Many students here at the ANU School of Computing take a capstone project at the end of their undergraduate degree. There are a few different variations (e.g. half-year vs full-year, “research” vs “implementation”, etc.), but overall these projects are a chance for students to put together all the skills they’ve learned in their degree program in a supervised project where they’re the boss.

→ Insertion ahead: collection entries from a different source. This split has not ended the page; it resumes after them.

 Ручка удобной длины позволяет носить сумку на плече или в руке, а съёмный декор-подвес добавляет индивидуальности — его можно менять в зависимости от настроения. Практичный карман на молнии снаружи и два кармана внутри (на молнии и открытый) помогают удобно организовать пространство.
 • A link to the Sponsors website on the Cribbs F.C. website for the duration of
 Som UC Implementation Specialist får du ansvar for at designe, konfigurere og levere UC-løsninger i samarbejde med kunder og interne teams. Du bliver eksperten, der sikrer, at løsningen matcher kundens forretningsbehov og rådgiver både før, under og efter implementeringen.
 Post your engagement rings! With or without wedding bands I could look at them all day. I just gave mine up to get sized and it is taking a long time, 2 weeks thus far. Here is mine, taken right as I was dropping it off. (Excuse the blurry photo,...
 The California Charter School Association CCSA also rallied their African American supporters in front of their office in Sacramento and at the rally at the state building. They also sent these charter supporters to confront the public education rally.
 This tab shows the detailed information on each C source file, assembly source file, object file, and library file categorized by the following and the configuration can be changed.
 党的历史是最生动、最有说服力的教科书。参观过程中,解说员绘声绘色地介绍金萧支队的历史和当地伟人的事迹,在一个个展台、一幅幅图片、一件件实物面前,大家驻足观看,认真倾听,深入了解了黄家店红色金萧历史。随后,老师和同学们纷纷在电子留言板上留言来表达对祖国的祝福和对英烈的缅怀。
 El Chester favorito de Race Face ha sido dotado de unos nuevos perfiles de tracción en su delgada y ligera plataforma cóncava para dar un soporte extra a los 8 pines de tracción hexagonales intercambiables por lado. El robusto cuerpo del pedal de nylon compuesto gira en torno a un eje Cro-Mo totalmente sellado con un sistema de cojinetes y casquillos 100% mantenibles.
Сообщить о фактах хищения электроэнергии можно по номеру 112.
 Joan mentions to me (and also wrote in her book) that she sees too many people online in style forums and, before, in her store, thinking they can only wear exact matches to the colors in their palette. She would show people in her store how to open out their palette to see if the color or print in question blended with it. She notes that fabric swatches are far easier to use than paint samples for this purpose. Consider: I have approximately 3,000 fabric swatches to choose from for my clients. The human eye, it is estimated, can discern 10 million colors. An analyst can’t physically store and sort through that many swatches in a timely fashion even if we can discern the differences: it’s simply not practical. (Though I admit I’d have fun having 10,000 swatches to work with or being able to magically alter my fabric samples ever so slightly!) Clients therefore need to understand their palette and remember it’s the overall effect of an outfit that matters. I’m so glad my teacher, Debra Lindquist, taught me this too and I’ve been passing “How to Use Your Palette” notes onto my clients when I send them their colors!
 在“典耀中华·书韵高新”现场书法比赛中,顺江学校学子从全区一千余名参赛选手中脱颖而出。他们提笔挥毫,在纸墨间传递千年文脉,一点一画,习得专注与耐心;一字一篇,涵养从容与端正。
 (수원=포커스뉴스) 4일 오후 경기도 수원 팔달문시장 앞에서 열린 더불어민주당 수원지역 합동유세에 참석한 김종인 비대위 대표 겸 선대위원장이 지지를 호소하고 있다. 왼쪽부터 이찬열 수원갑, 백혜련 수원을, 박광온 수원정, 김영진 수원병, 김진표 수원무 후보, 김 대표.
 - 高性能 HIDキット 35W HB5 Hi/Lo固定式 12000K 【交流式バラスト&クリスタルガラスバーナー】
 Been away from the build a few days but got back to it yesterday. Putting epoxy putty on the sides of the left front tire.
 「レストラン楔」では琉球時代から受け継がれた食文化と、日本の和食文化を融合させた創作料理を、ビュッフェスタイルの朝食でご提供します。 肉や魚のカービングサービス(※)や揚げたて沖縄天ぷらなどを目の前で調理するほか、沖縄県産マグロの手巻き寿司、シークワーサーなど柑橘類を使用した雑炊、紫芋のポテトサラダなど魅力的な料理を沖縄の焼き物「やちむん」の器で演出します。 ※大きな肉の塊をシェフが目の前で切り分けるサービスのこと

To take on one of these project, students need to find a supervisor, decide on a project and sign an independent study contract (ISC). While these ISCs could be seen as a tick-and-flick waste of time, when done well they’re an important part of the project.

If you’re a student writing an ISC (at the ANU School of Computing at least) there two “meaty” parts to your ISC: the project description, and the learning outcomes. Putting some hard work into those parts at the beginning of your project is totally worth it. Your supervisor can (and should!) help you out, but it’s your project, and you should make sure it reflects the project you want to do.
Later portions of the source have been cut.